The $2,400 problem: what every missed call costs your network

Forty to fifty percent of home service inquiries arrive outside business hours. Most franchise networks can't see which locations are losing them, or how much each one costs.

6 min read

At a glance

  • 40-50% of home service inquiries arrive outside standard business hours, before 8 AM, after 6 PM, and on weekends
  • In home cleaning, a single missed inquiry represents a potential $2,640 in recurring customer value - the source of the $2,400 headline
  • Aire Serv reported a 257% increase in after-hours bookings after deploying AI call handling - proof that the demand was always there
  • Most franchisors have no system to see which locations are missing calls or what those misses cost at the network level

A few years ago, Aire Serv deployed an AI voice system to handle calls arriving after business hours. Before the deployment, their live answering service booked 5 calls during a given period. After the AI went live, the same window produced 208 bookings.
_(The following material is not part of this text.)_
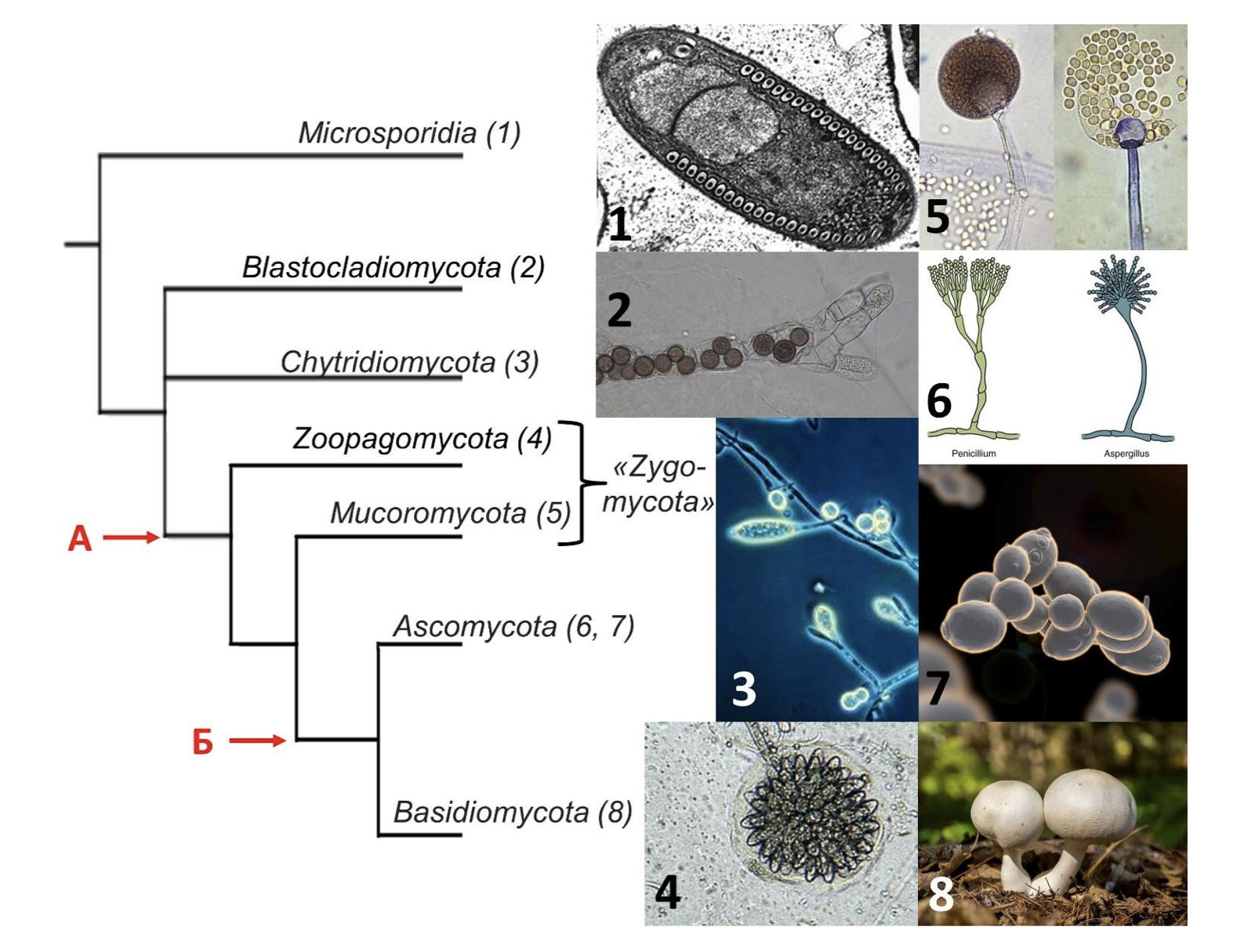 Грибы – это группа гетеротрофных эукариотических организмов, обладающих хитиновой клеточной стенкой и осмотрофным способом питания. Положение грибов в системе живого неоднократно менялось: изначально грибы были отнесены Карлом Линнеем к растениям, позднее они были выделены в отдельное царство, а в последнее время ряд грибоподобных организмов оказались исключенными из данного царства в силу отсутствия родства с «обычными» грибами. Объем царства Грибы и его подразделение на группы остается дискуссионным. На рисунке приведено филогенетическое древо, иллюстрирующее современные представления о родстве некоторых отделов грибов, а также внешний вид некоторых представителей этих отделов: 1 – Fibrillanosema crangonycis G.M. Johanna, S. Galbreath, J.E. Smith, R.S. Terry, J.J. Becnel & A.M. Dunn., 2 – Allomyces sp., 3 – синхитрий внутриживущий (Synchytrium endobioticum (Schilb.) Percival) – возбудитель рака картофеля, 4 – Rhopalomyces elegans Corda, 5 – мукор (Mucor sp.), 6 – пеницилл (Penicillium sp.), 7 – пекарские дрожжи (Saccharomyces cerevisiae Meyen ex E.C.Hansen), 8 – шампиньон двуспоровый (Agaricus bisporus (J.E.Lange) Imbach). Систематическая принадлежность представителей грибов указана в скобках после названия таксона на филогенетическом древе. Буквы А и Б обозначают некоторые значимые эволюционные события, которые произошли в ходе филогенеза грибов. Проанализируйте представленную схему и укажите верные утверждения:
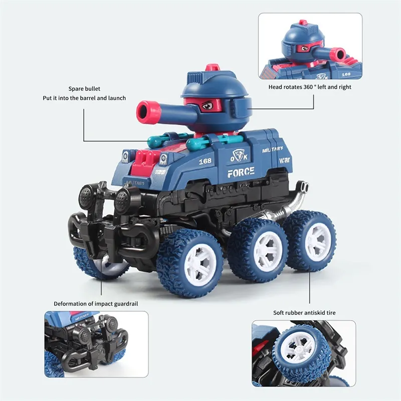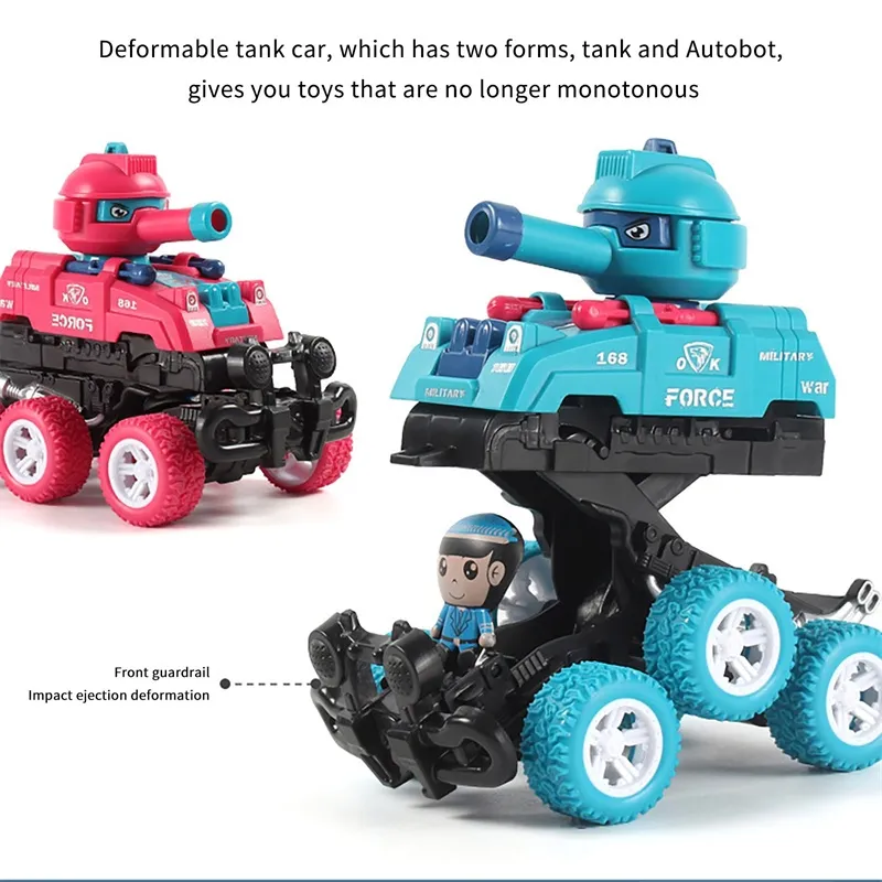 [Two-in-one toy car] When the front wheel of a running tank collides, the tank will immediately deform and call it an , which can be used as a tank to drive and perform spinning stunts as an , which is very fun.

That 257% increase in after-hours bookings was recovery, not growth.

The demand had always been there. The calls were arriving, and the franchises weren't answering.

The math behind the headline

The "$2,400 problem" is not a fixed number; it's a calculation that varies by vertical. In home cleaning, it's particularly stark.

A recurring cleaning client typically generates around $220 per month in revenue. Average tenure runs 12 months for a new customer, some considerably longer. Lifetime value of a single converted inquiry: somewhere between $2,640 and $5,280.

40-50%

of home service inquiries arrive outside standard business hours

Housecall Pro / WebFX industry data

When an after-hours call goes unanswered, the franchisee loses more than a one-time job; they lose the recurring relationship. At a location receiving 120 inquiries per year, with half arriving after hours and a 35% miss rate on those calls, that's roughly 21 unanswered inquiries annually. Even at conservative conversion assumptions, five clients per year, each worth $2,640 in first-year revenue, the per-location loss exceeds $13,000 before accounting for anything else.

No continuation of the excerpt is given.